Keywords: posttraumatic stress disorder, military, cluster analysis, flashbacks, intrusion symptoms, transcriptome-wide, gene expression, inflammation, immune response, metabolic processes
1. Introduction
Posttraumatic stress disorder (PTSD) emerges in response to trauma exposure, with subsequent symptoms of reexperiencing the traumatic event in the form of intrusive recollections, flashbacks, or nightmares; persistent avoidance of stimuli associated with the traumatic event; negative alterations in cognition and mood; as well as a constant state of heightened alertness and increased arousal.[1] PTSD lifetime prevalence is estimated at 7.8% and doubles in military populations; it presents a significant public health concern due to the high rates of comorbid psychiatric disorders, sleep disorders, and physical health conditions.[2] It remains largely unknown why a subset of trauma exposed individuals develop PTSD, but likely involves changes in the molecular mechanisms that regulate stress susceptibility and resiliency.[3]
Transcriptome-wide analysis of differential gene expression allows for the unbiased identification of genes, pathways, and proteins implicated in the pathophysiology of PTSD. A recent mega-analysis synthesized extant data from five transcriptome-wide peripheral blood studies encompassing seven types of trauma in 229 PTSD participants and 311 controls.[4] Transcriptional dysregulation converged on the innate immune, cytokine, and type I interferon pathways; however, no discrete genes overlapped between all five studies and only two genes (IFI44L and GNG11) overlapped between the three combat exposure studies.[4] While these findings provide a broad view of immune dysregulation in PTSD, the results are inconclusive and little is known about the gene expression differences attributed to each PTSD symptom cluster.
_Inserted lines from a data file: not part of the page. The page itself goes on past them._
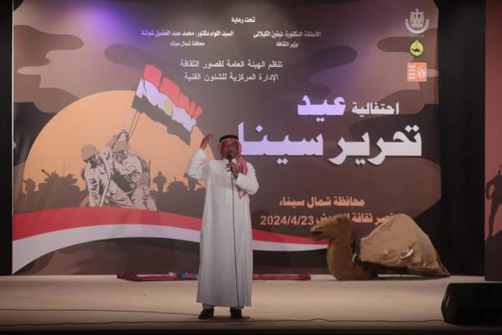 من جانبه، رحب محافظ شمال سيناء، بوزيرة الثقافة، وثمن حرصها على الحضور للاحتفاء بهذا اليوم المميز، مؤكدًا أهمية الثقافة في نشر الوعي، ومواجهة الأفكار المتطرفة الهدامة، وأشاد بجهود وزارة الثقافة إزاء تفعيل هذه الأهداف بجميع أرجاء  سيناء.
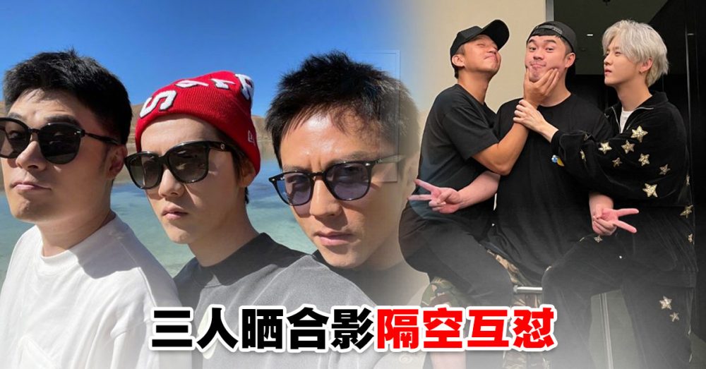 照片中,三人以全黑服装出镜,站在中间的陈赫两手摆V,邓超把腿搭在陈赫的腿上,单手撑着他的下巴,鹿晗则做出与邓超同样的姿势,手握紧邓超的手腕,画风搞笑。
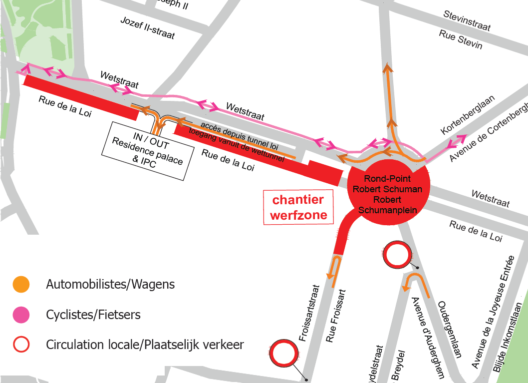 L’avenue d’Auderghem et la rue Froissart seront mises en cul-de-sac, leurs tronçons situés avant le rond-point Schuman étant accessibles uniquement à la circulation locale, aux cyclistes et aux livraisons.
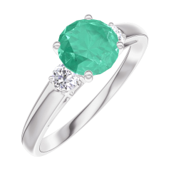Pourquoi nous faire confiance ? « L'ATELIER » Nº 166623 Bague Or blanc 18 carats - Émeraude Rond 0.7 carat - Pierres de côté Diamant
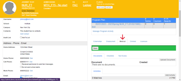 The Medical Tab includes all of the immunizations and drug screen results required for Admissions and/or clinicals and externships.
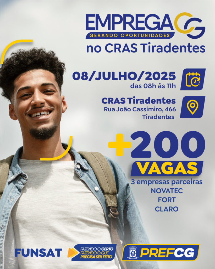 O próximo Emprega CG está agendado para 8 de julho, próxima terça-feira, no CRAS Tiradentes (Centro de Referência em Assistência Social da região).
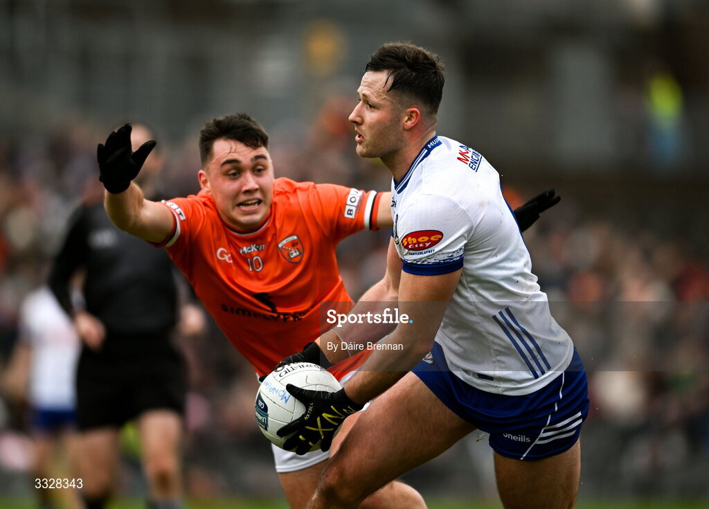 25 January 2026; Dessie Ward of Monaghan in action against Fergal O’Brien of Armagh during the Allianz Football League Division 1 match between Monaghan and Armagh at St. Tiernach's Park in Clones, Monaghan. Photo by Daire Brennan/Sportsfile

This is an important consideration when identifying diagnostic and treatment response markers in highly comorbid populations with mental and physical health conditions that share symptoms. Furthermore—with the exception of increased FKBP5 expression following cognitive behavioral therapy[5]—most PTSD research has investigated group differences at a single timepoint, leaving much to be understood about the genes and pathways implicated in treatment response and symptom reduction.
The current study aimed to address these limitations by analyzing gene expression differences between a homogeneous cohort of military service members with vs. without PTSD, as well as with high vs. low PTSD cluster symptom severity: intrusions, avoidance/numbing, and arousal. Additionally, follow-up data were used to examine gene expression changes associated with symptom reduction, following evidenced-based sleep treatment, to identify genes and pathways that may signify novel treatment targets. In doing so, we utilized a transcriptome-wide analysis of differential gene expression with subsequent gene ontology-based pathway analysis.
2. Methods and Materials
2.1. Study Design
This study was part of a larger study of US military service members presenting with sleep disturbance.[6] Participants underwent a sleep medicine and psychiatric evaluation and had blood drawn at baseline and at 12-week follow-up. At baseline, participants diagnosed with insomnia received 4 to 8 biweekly sessions of cognitive behavioral therapy for insomnia (CBT-i), and participants diagnosed with obstructive sleep apnea (OSA) received automatic positive airway pressure (APAP) therapy; participants with complex insomnia (i.e., comorbid insomnia and OSA) received CBT-i and APAP combination therapy. Our previous research found PTSD symptom reduction following treatment for sleep disturbance.[7] The Madigan Army Medical Center, institutional review board approved the study (#210090), and written informed consent was obtained prior to all study procedures.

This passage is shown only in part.